COLLECTED MATERIAL:
=== Begin Enclosure ===

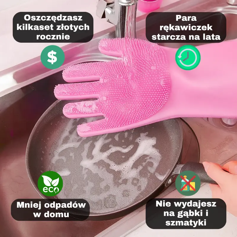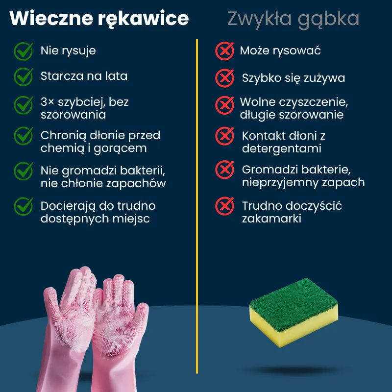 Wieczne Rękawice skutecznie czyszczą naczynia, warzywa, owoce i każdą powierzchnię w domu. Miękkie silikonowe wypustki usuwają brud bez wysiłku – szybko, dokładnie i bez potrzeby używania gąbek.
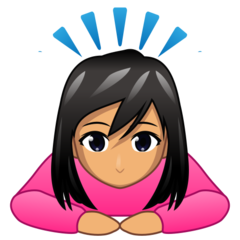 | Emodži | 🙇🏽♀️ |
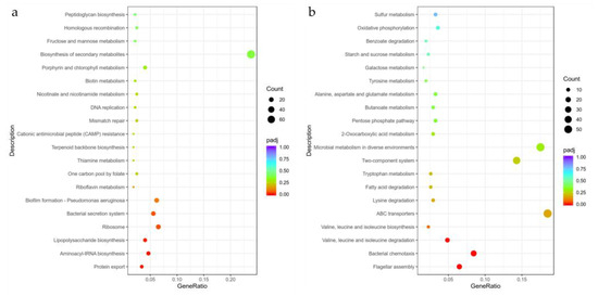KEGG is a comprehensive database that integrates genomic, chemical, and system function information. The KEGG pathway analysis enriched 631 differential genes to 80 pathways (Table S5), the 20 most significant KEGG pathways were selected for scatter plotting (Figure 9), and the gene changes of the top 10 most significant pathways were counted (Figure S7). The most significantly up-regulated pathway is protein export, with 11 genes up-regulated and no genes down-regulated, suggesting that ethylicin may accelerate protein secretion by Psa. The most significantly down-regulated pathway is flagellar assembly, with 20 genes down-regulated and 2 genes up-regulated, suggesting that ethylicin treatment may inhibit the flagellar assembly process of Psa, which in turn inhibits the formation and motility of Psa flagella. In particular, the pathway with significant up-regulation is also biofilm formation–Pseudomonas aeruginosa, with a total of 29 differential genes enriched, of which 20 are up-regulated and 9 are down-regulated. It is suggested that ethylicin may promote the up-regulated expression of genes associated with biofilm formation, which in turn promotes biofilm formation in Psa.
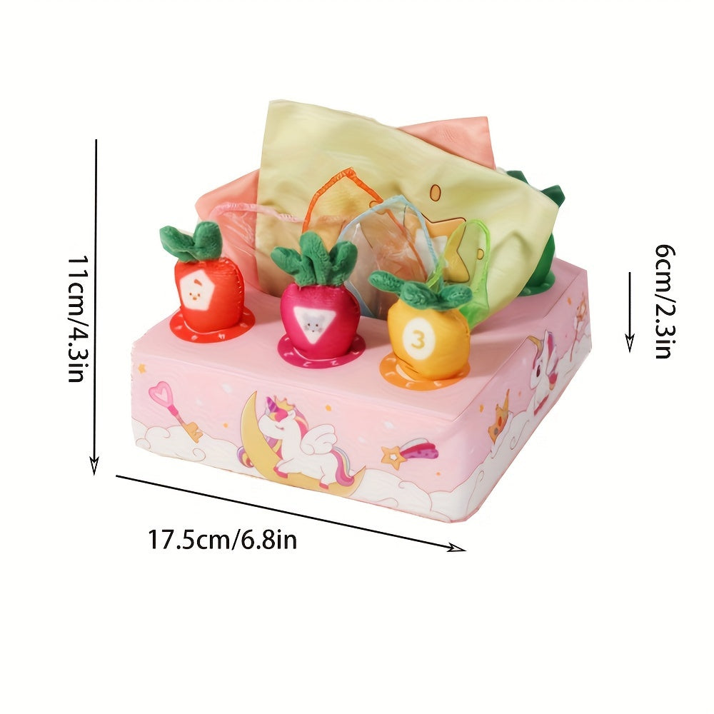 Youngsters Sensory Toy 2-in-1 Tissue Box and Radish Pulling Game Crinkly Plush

=== End Enclosure ===

WHAT YOU WILL DO: Give back the full listing verbatim, skipping each picture.

ANSWER SPACE:
 Wieczne Rękawice skutecznie czyszczą naczynia, warzywa, owoce i każdą powierzchnię w domu. Miękkie silikonowe wypustki usuwają brud bez wysiłku – szybko, dokładnie i bez potrzeby używania gąbek.
 | Emodži | 🙇🏽♀️ |
KEGG is a comprehensive database that integrates genomic, chemical, and system function information. The KEGG pathway analysis enriched 631 differential genes to 80 pathways (Table S5), the 20 most significant KEGG pathways were selected for scatter plotting (Figure 9), and the gene changes of the top 10 most significant pathways were counted (Figure S7). The most significantly up-regulated pathway is protein export, with 11 genes up-regulated and no genes down-regulated, suggesting that ethylicin may accelerate protein secretion by Psa. The most significantly down-regulated pathway is flagellar assembly, with 20 genes down-regulated and 2 genes up-regulated, suggesting that ethylicin treatment may inhibit the flagellar assembly process of Psa, which in turn inhibits the formation and motility of Psa flagella. In particular, the pathway with significant up-regulation is also biofilm formation–Pseudomonas aeruginosa, with a total of 29 differential genes enriched, of which 20 are up-regulated and 9 are down-regulated. It is suggested that ethylicin may promote the up-regulated expression of genes associated with biofilm formation, which in turn promotes biofilm formation in Psa.
 Youngsters Sensory Toy 2-in-1 Tissue Box and Radish Pulling Game Crinkly Plush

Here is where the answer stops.